By the time of his death, Takaki had already established his bona fides as one of the most important Asian American scholars of all time. He had cranked out more than a dozen books, earned the title of professor emeritus, and helped to elevate and popularize the study of America’s multiracial past and present.

But his friends and associates say that, privately, he was battling depression as he suffered from the autoimmune condition that attacked his central nervous system.

Confronting social injustice

As a child growing up poor in Oahu, Hawaii, Takaki watched as his relatives, who were Japanese immigrants, worked on sugar plantations. The widening chasm between the wealthy and the working class deeply angered him.

“He saw how people of color were put to work for long hours in the hot and humid sugar cane factories,” said Dr. Roberto Haro, who was one of Takaki’s friends and a colleague at UC Berkeley, to the UC Berkeley News.

Determined to become educated and to expose racial, social and economic injustice, Takaki headed to Ohio’s College of Wooster, where he earned a degree in history in 1961. He later received a master’s degree and a Ph.D. in history from UC Berkeley. By that time, the civil rights movement was in full swing and Takaki was not merely a passive bystander but an active participant.

“I was born intellectually and politically in Berkeley in the ’60s,” he told a reporter in 2003.

A year before the 1965 Watts riots devastated Los Angeles, Takaki was hired to teach the first Black history course at UCLA and spent five years there. Ultimately, he did not earn tenure, in part because of vocal opposition from Black students who wanted an African-American — not an Asian American — to teach the course.

As Dr. Martha Biondi, a professor of African American studies and history at Northwestern University, notes in her book The Black Revolution on Campus, UCLA ultimately hired Dr. Clayborne Carson — who is currently a professor at Stanford University and an expert on civil rights — to teach the course.

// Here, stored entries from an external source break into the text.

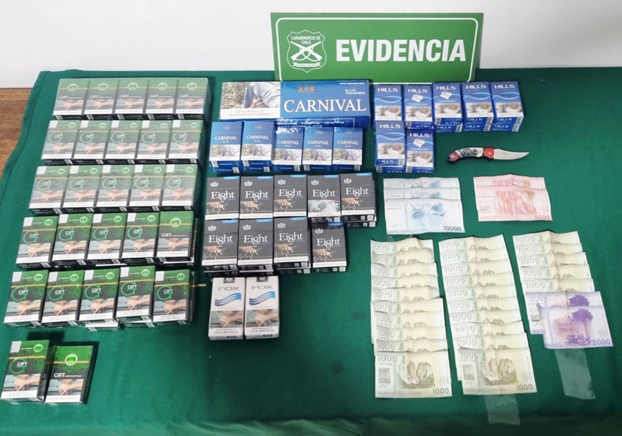 Luego fue fiscalizada la mujer se encontró en su poder De esta forma se acercaron a fiscalizarlos, encontrando en poder de la mujer 102 cajetillas de cigarrillos que no se comercializan en Chile, un cortaplumas y una hoja de acero afilada.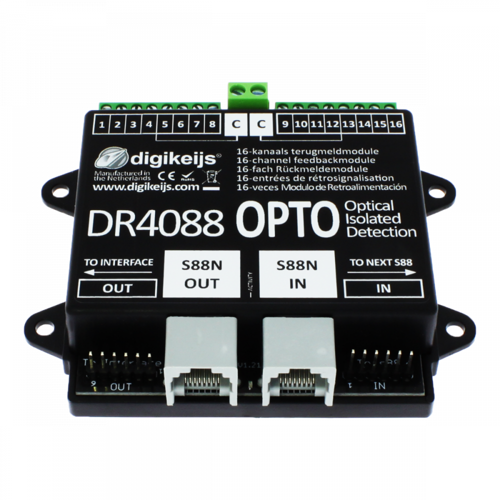 DR4088OPTO Digikeijs 16-kanaals s88N terugmeldmodule met optische ingangen Drie rail systeem met optische ingangen en s88N aansluitingen(H-Bridge)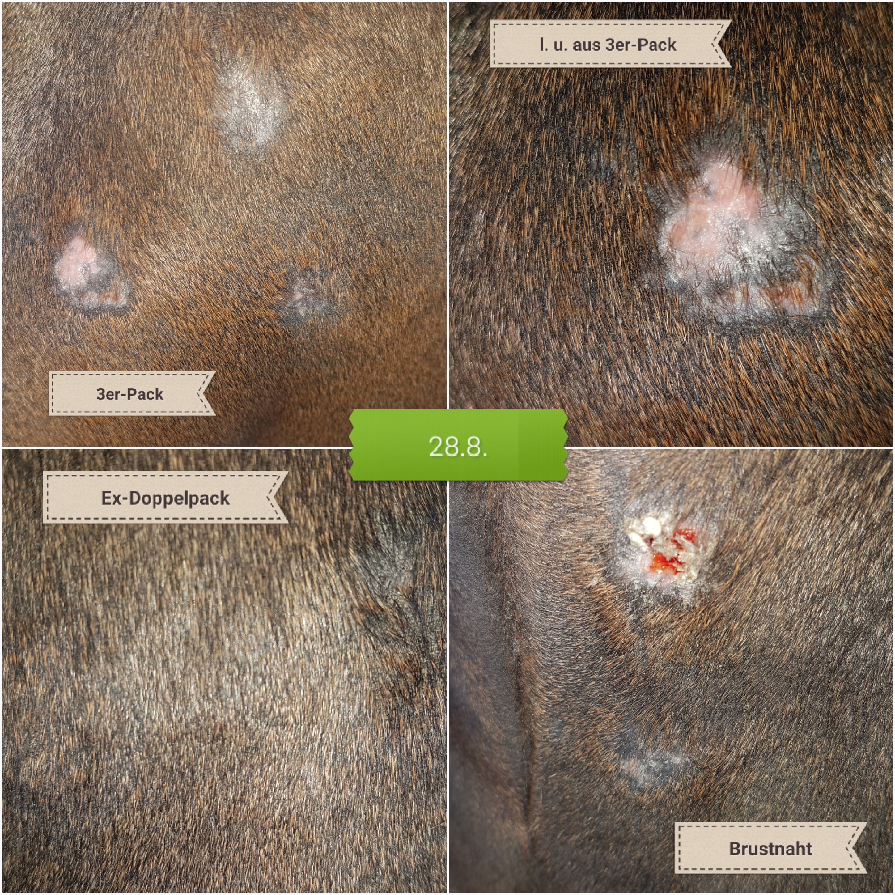 So, die Krusten haben sich gestern mal wieder gelöst (die an der Brustnaht auch nach dem Schmieren, aber da war das Foto schon gemacht). Ich bin verhalten optimistisch. Überall sprießen langsam Haare (auch im 3er-Pack l.u.), aber ich schmiere weiter (verdünnt und nur noch 2x pro Woche bzw. nach Gefühl) und beobachte argwöhnisch. Besonders freut mich die Achsel, denn gerade bei dem Riesending (siehe Foto vor 6 Wochen zum Größenvergleich) scheint es größtenteils gegessen zu sein (der kleine Punkt oben drüber ist weg und auch die ferne 14-Uhr-Stelle ist nichts Neues). Beim Doppelpack ist nur noch eins erkennbar, das "mittendrin" und "kleiner Scheißer" sind schon länger nicht mehr auffindbar, sprich: Fell drüber, Haut weich, keine Rückstände.

Takaki returned to Berkeley in 1971, becoming the first full-time professor in the newly established Department of Ethnic Studies. Almost instantly, his popularity soared and he was regularly involved in campus-led protests. He quickly became a popular speaker on the lecture circuit.

From 1975 to 1977, Takaki served as chair of ethnic studies and was an architect in helping universities across the nation develop similar programs.

“He was huge in making the case to predominantly White Institutions about why ethnic studies as a degree program was not only necessary, but vital to their mission,” says Dr. Ravi Perry, an assistant professor of political science at Mississippi State University and president of the National Association for Ethnic Studies. “He helped to redefine the way that we study race and ethnicity. He provided the needed historical context in providing legitimization to a burgeoning field.”

Perry, who recently was installed as president of the oldest ethnic studies association in the United States, says that he is encouraged by the continued interest in Takaki’s work, particularly among younger scholars.

Takaki, Perry says, was among the first wave of scholars to put ethnic studies on the radar screen. In the years following, a successive generation of scholars have built on his work.

“The younger generation is in tune with problems of today as it relates to ethnic and racial groups and continued subjugation,” says Perry, who added that many youth have recently taken to social media to rediscover Takaki’s earlier work. “There is no doubt in my mind that his legacy will continue to live on.”